Representa el prototipo del príncipe italiano del Quattrocento. Obtuvo el ducado de Urbino al matar a su hermanastro, es decir, que como tantos otros príncipes, obtuvo el poder por las armas; a pesar de lo cual fue amado y querido por todos, ya que realizó numerosas obras para el bien común. En las ciudades italianas del siglo XV, los príncipes ejercieron un dominio que hizo que el Estado se identificara con su persona, su palacio era la sede del poder. Burckhardt señala que el estado de Montefeltro era algo así como una «obra de arte»:

…en la corte habitaban 500 criaturas, y en ella la etiqueta era tan refinada como apenas sucedía en las de los más poderosos monarcas; allí nada era superfluo, todo estaba bajo control y todo tenía una exacta finalidad. Y no era éste un lugar de juego, vicio o fanfarronería, sino que incluso figuraba como institución organizada para la educación de los hijos de otros grandes señores, cuya buena instrucción era para el duque una cuestión de honor. El palacio que se hizo construir no era lujoso, pero sí clásico en la perfección de su trazado; y en él hizo acomodar su más preciado tesoro: su famosa biblioteca (2020, 76).

Derecha: PIERO DELLA FRANCESCA. Díptico de los duques de Urbino, 1472, (detalle). Museo Nazionale di Capodimonte. Nápoles.

Juan Rodríguez de Fonseca (1451-1524).

Promotor de la Escalera dorada de la catedral de Burgos, fue obispo de Badajoz, Córdoba, Palencia y Burgos, y estuvo implicado en la edificación de edificios religiosos en el Nuevo Mundo. Como segundón de una gran familia castellana bajomedieval, tuvo una esmerada educación a manos del humanista español Antonio de Nebrija (ca.1444-1522).

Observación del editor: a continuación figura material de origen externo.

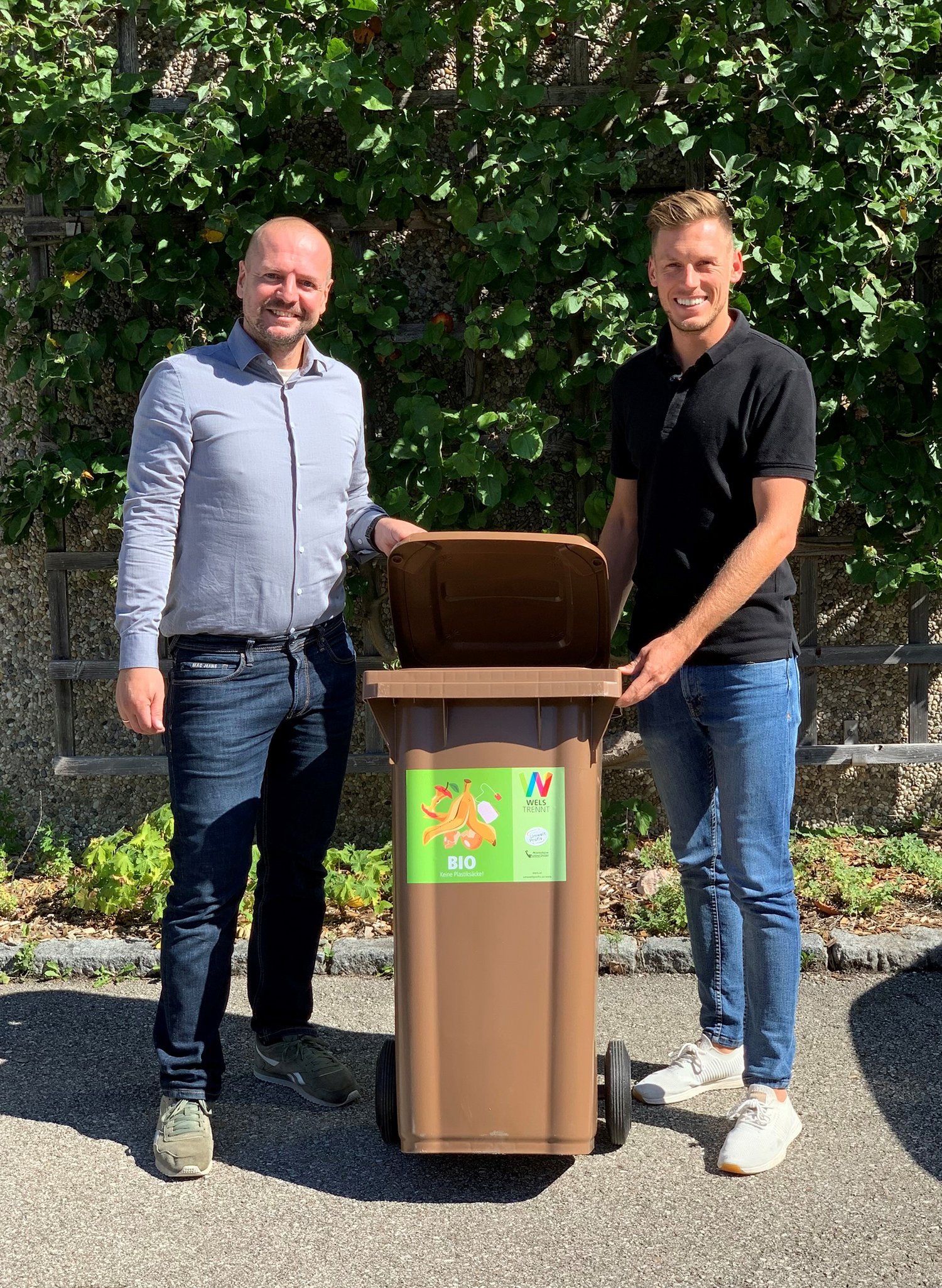 Stadtrat Thomas Rammerstorfer und der stĂ€dtische Abfallbeauftragte Lukas AitzetmĂŒller machen Werbung fĂŒr das noch bis Freitag, 6. Oktober laufende Biotonnen-Gewinnspiel der Umweltprofis.

Fue una figura significativa del panorama artístico de su tiempo, que cabalgó entre el tardogótico y la implantación de las formas renacentistas en España. Dejó una serie de obras artísticas en sus catedrales, que demuestran su interés en la adecuación de las mismas, así como un deseo de perpetuar su propia memoria. Antes de que se construyera la Escalera dorada, contrató a Francisco de Colonia para que realizara la Puerta de la Pellejería, en la misma catedral de Burgos, la cual se remató con la efigie de Rodríguez de Fonseca: aparece como orante ante la Virgen con el Niño, y también aparece su escudo. Esta portada incorporaba el modo al romano de principios del siglo XVI en España, consistente tan solo en la ornamentación.

Además de las obras arquitectónicas, prestó atención a los objetos suntuarios que acompañaban a la actividad litúrgica. Donó gran cantidad de obras a los templos: orfebrería, libros, tapices y pinturas, en las cuales también se hizo representar como donante. Prueba de ello son la pintura de la Virgen de la Antigua que donó a la catedral de Badajoz, o la tabla central del retablo del transcoro de la Catedral de Palencia, donde también aparece como donante.

Alejandro Farnese (1468-1549).

Alejandro Farnese, papa Pablo III (1534-1559), fue uno de los grandes patronos del Renacimiento. A los veinte años marchó a Florencia para perfeccionar sus estudios. Fue ahí donde tuvo relación con Lorenzo de Medici, Marsilio Ficino, Pico della Mirandola y Giovanni de Medici, amigo muy cercano y futuro papa León X. En la corte medicea, Farnese adquirió el gusto por el arte; ahí conoció también a Miguel Ángel y Antonio da Sangallo, a quien le encargó, cuando era cardenal, la construcción de su palacio en Roma. En 1540, ya como Pablo III, aprobó la creación de la Compañía de Jesús; siendo Vignola quien proyectó su iglesia, Il Gesú (1568-1584) donde Farnese pensaba enterrarse. Vignola también trabajó en la magnífica Villa Farnese de Caprarola —sobre un proyecto de Sangallo—, de planta pentagonal.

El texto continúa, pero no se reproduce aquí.